The core was collected at the bottom of the tube and the second strand cDNA synthesis reaction system was prepared as follows:
components | Volume (μ l) |
Single strand cDNA | 20 |
Double-stranded Synthesis buffer | 20 |
Double-stranded synthetase | 5 |
Nuclease-free water | 5 |
Total | 50 |
(2.2) adjust the pipette to the range of 100. mu.L, and gently suck and beat 10 times to mix well.
(2.3) temporarily placing the PCR tube on ice, setting the following program on the PCR instrument, placing the PCR tube into the PCR instrument, and then continuing to run the program:
(2.4) immediately after the PCR reaction was completed, the product was purified using 90. mu.L of commercial DNA Clean Beads, and the cDNA enriched on the magnetic Beads was redissolved using 50. mu.L of nuclease-free water.
(V) library construction
(1) DNA fragmentation/end repair/dA tail addition
The cDNA obtained by reverse transcription was fragmented, end-filled, phosphorylated at the 5 'end and dA added at the 3' end using commercial fragmentation and end-repair enzymes.
(2) Connecting joint
A double-ended index linker adapted to the Illumina sequencer was added to both ends of the cDNA fragment using commercial T4 ligase.
(3) Magnetic bead purification
Immediately after the ligation reaction was completed, the ligation product was purified using 60. mu.L of commercial DNA Clean Beads, and the DNA enriched on the magnetic Beads was back-solubilized using 20. mu.L of nuclease-free water.
(4) Library amplification
Library amplification was performed using commercial high fidelity PCR enzyme premix and universal primers for Illumina tester adaptors to increase the concentration of library fragments enough for next generation sequencing.
(5) Magnetic bead purification
Immediately after the PCR reaction was completed, the ligation product was purified using 50. mu.L of commercial DNA Clean Beads, and the DNA enriched on the magnetic Beads was back-solubilized using 20. mu.L of nuclease-free water.
(VI) on-Board analysis of the library
The molecular concentration of the purified library is detected by a qPCR library quantitative kit, then the libraries are mixed according to the equivalent molecular concentration, the sequencing is carried out on an illumina platform, the computer strategy SE75 is carried out, and the data volume is 20M. After the data are downloaded, the number of reads detected by the novel coronavirus is obtained by analysis through a bioinformatics analysis method.
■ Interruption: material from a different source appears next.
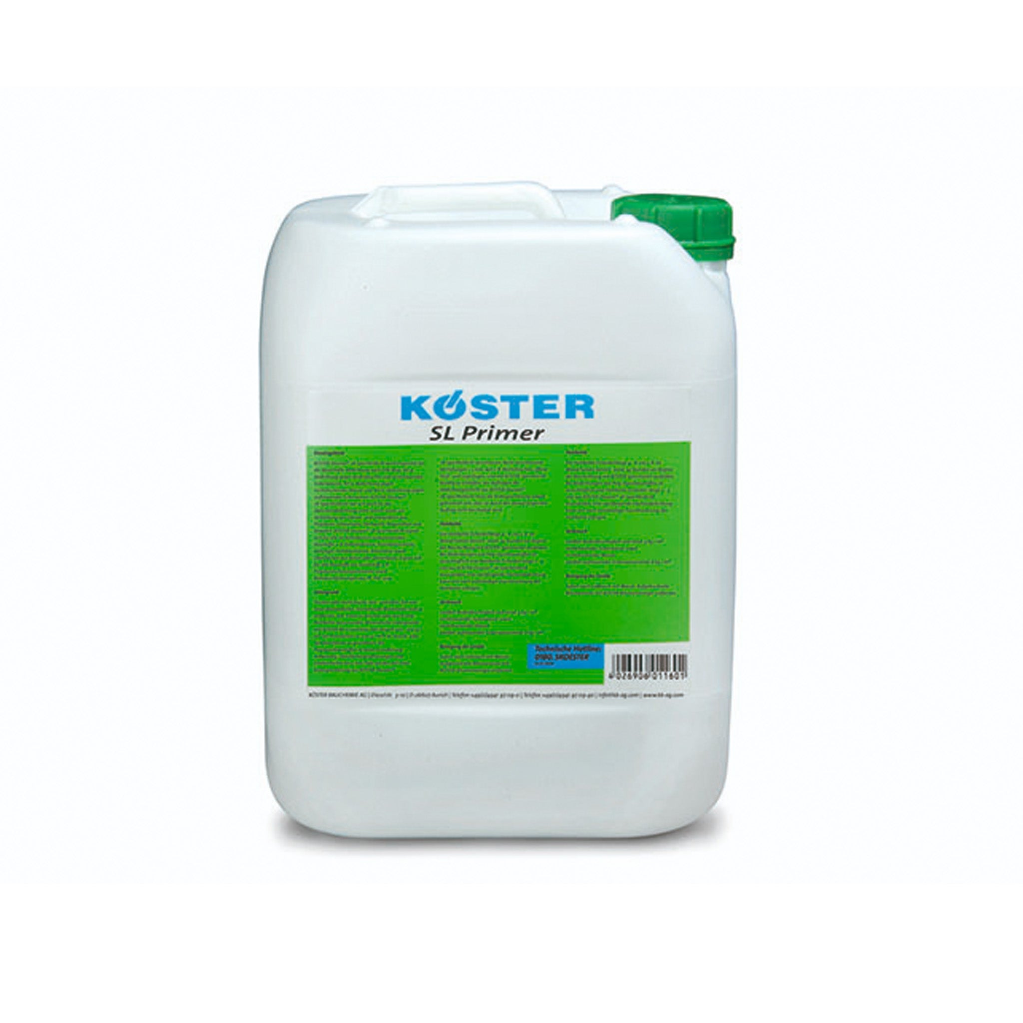 A transparent curing, low viscosity butadiene-styrene primer with a slightly sticky surface. KOSTER SL Primer reduces the absorbency of mineral surfaces such as concrete and screed and equalizes differential absorbency rates in the substrate. It reduces the bubbling effect when working with KOSTER self leveling floor products. KOSTER SL Primer is solvent, plasticizer, and filler free. KOSTER SL Primer is water resistant; it will not be washed or rained away after curing.

Example 1 Experimental validation of reverse transcription primer set
1. Sample source
The novel coronaviruses used for the preparation of the positive reference were purchased from Shanghai assist in san, and a retroviral vector was used, which was loaded with a partial sequence of the COVID-19 virus ORF1 a/b gene, and the entire sequence of the coding regions of the E gene and the N gene, and had a length of 2000 bp. The in vitro diagnostic reagent (fluorescent quantitative PCR method) verifies that the cell is positive, the quantification is 2 x 10^8copies/mL through a standard curve, and the used cells are purchased from Nanjing Kyobai and are cell sediments of 10^6 cells/tube.
2. Preparation of Experimental samples
Since the limit of detection of RNA virus in clinical respiratory tract samples by metagenomic detection is expected to be 1000copies/mL, the concentration of COVID-19 for preparing positive samples is 1 x 10^3 copies/mL. To mimic the host content of alveolar lavage fluid, cultured human Cell lines were added to positive samples to a Cell concentration of 10^5 Cell/mL. And preparing a virus-free negative sample comprising 10^5 cells/mL of human cells.
3. Experimental methods
In the reverse transcription reaction, 0.4nmol of the specific primer set was added to 20. mu.L of the reaction system.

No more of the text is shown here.